*** GIVEN ENTRIES ***

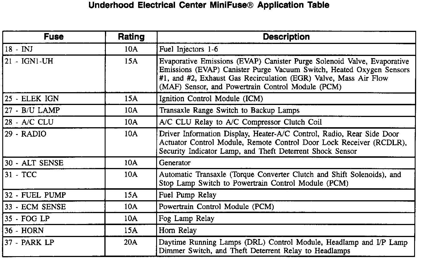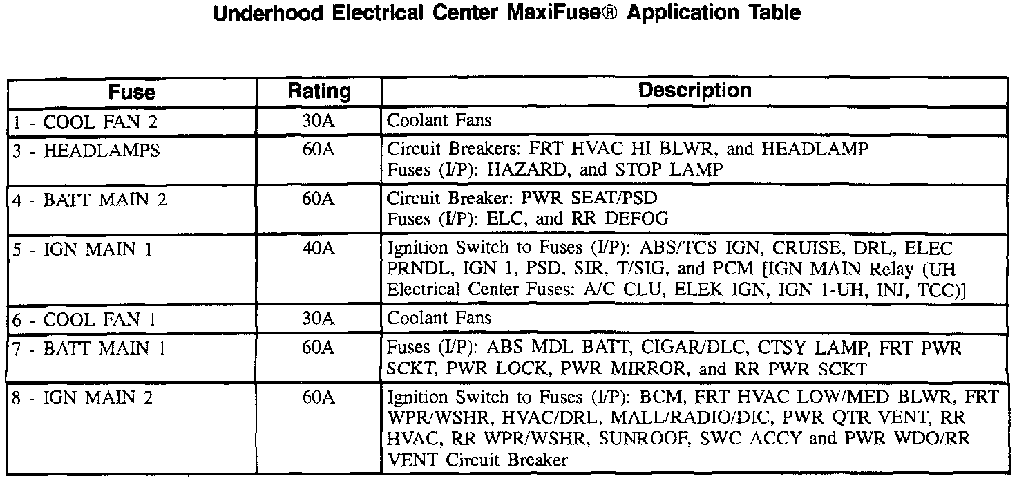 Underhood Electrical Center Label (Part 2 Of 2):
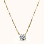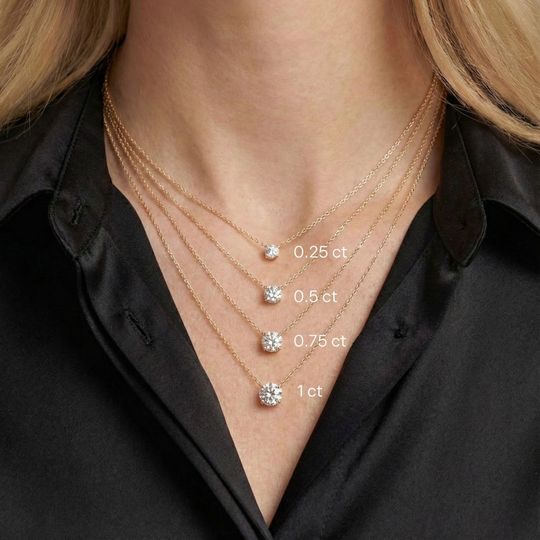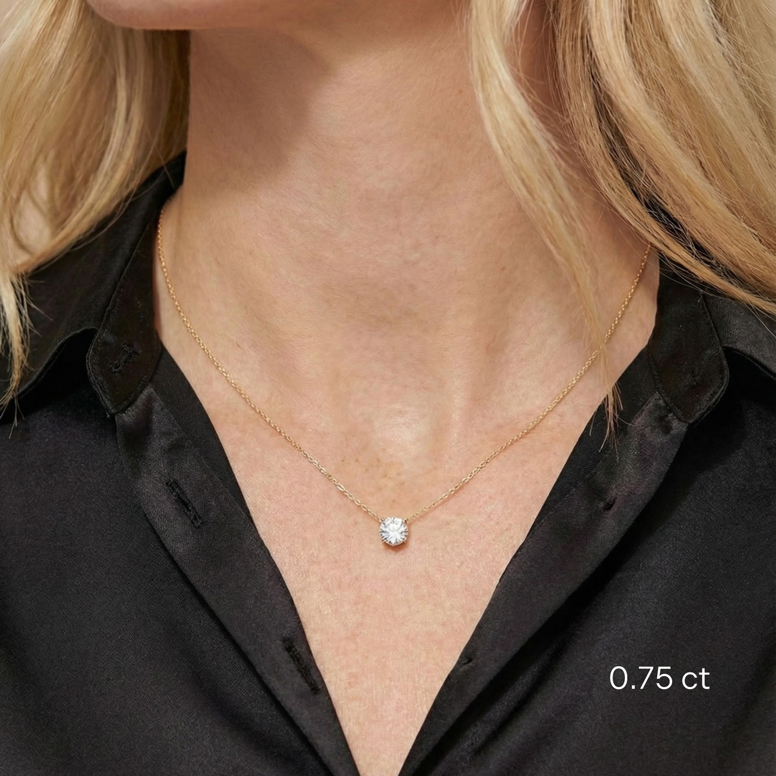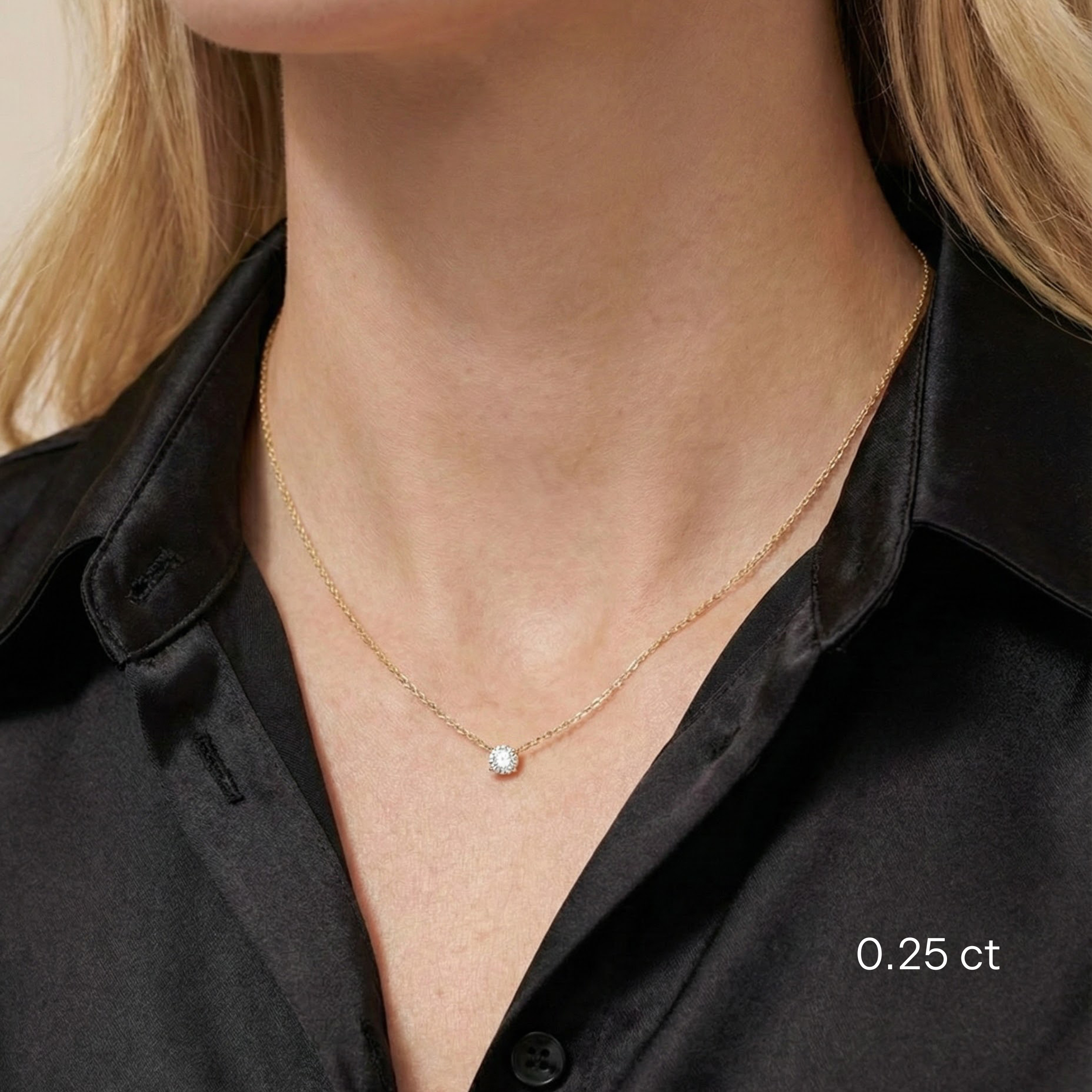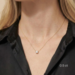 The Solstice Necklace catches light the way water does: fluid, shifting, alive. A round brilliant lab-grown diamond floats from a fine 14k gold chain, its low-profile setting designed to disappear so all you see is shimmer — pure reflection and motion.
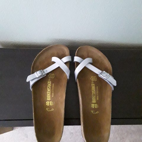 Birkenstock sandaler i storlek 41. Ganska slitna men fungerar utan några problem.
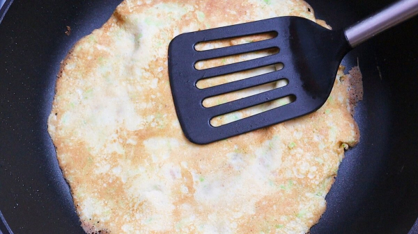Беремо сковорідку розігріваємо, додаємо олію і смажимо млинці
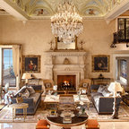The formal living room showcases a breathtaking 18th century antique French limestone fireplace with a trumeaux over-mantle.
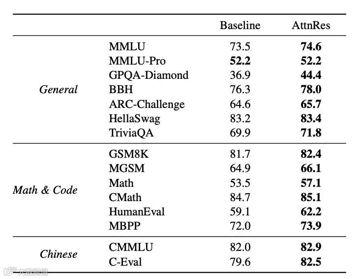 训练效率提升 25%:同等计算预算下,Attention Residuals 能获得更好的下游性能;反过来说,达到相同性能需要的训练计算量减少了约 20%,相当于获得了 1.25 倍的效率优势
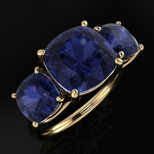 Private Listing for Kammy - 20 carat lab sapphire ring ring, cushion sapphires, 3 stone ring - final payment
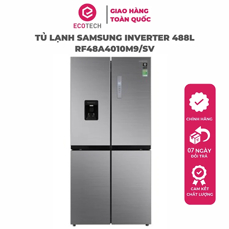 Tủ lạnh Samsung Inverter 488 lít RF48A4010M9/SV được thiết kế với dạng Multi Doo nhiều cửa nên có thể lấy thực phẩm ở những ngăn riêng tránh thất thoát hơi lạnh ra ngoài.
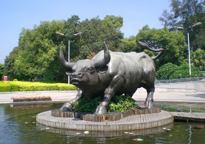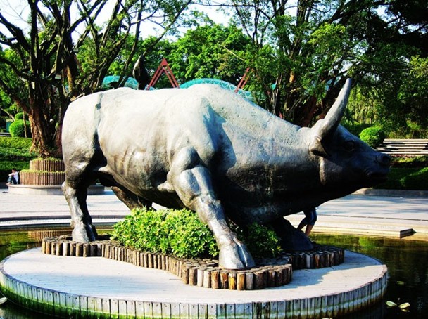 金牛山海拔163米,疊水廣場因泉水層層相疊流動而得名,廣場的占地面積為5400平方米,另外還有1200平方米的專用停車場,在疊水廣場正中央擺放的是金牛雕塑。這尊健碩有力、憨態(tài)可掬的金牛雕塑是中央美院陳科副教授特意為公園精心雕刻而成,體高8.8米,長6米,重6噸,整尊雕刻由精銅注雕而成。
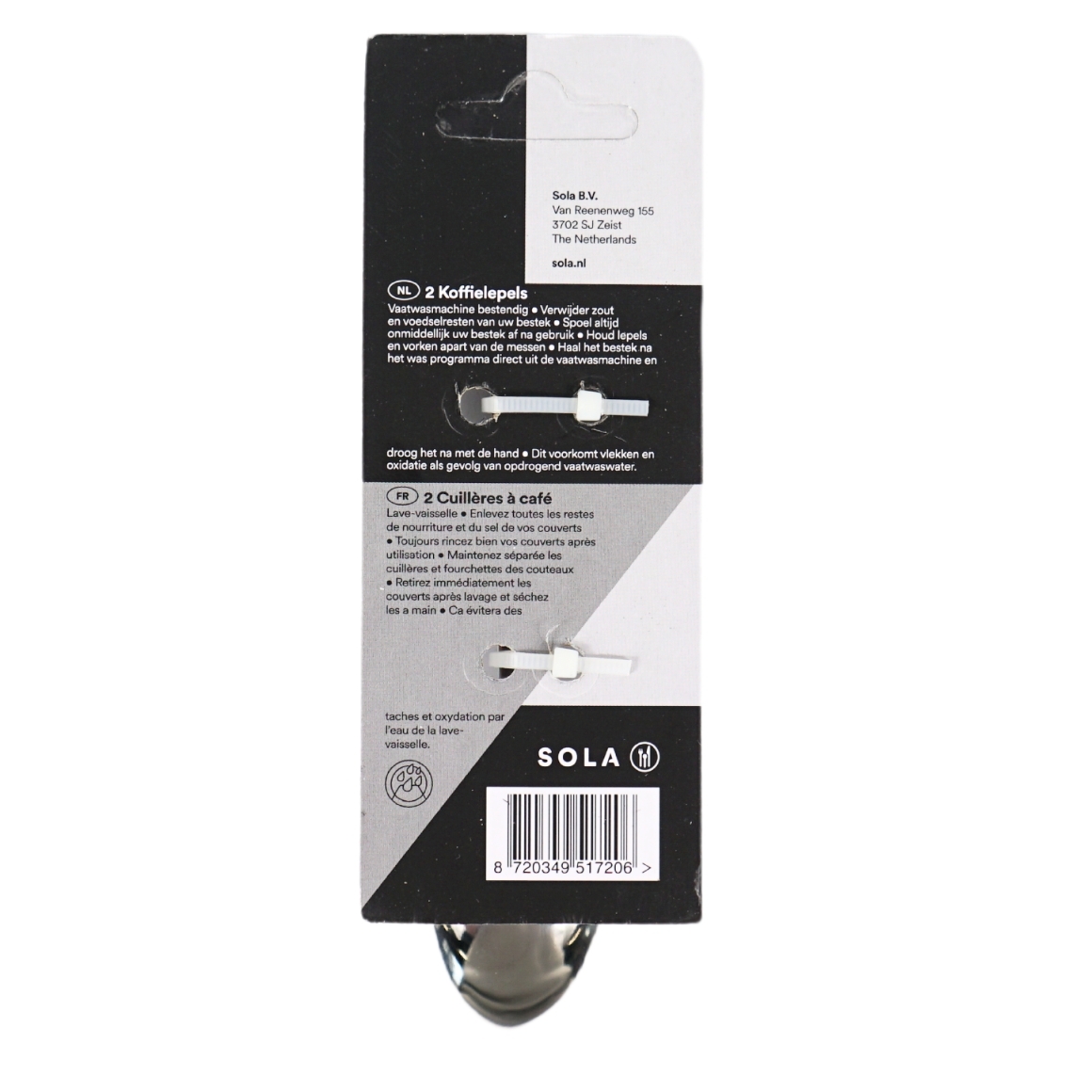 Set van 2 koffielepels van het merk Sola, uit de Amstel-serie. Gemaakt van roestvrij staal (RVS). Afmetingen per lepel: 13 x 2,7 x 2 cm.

*** End of GIVEN ENTRIES ***

**THE TASK**: The answer must be an exact copy of the lines from the start of the records above through the line containing "Private Listing for", with no pictures in it.

**ANSWER TO THIS EXERCISE**:
 Underhood Electrical Center Label (Part 2 Of 2):
 The Solstice Necklace catches light the way water does: fluid, shifting, alive. A round brilliant lab-grown diamond floats from a fine 14k gold chain, its low-profile setting designed to disappear so all you see is shimmer — pure reflection and motion.
 Birkenstock sandaler i storlek 41. Ganska slitna men fungerar utan några problem.
Беремо сковорідку розігріваємо, додаємо олію і смажимо млинці
The formal living room showcases a breathtaking 18th century antique French limestone fireplace with a trumeaux over-mantle.
 训练效率提升 25%:同等计算预算下,Attention Residuals 能获得更好的下游性能;反过来说,达到相同性能需要的训练计算量减少了约 20%,相当于获得了 1.25 倍的效率优势
 Private Listing for Kammy - 20 carat lab sapphire ring ring, cushion sapphires, 3 stone ring - final payment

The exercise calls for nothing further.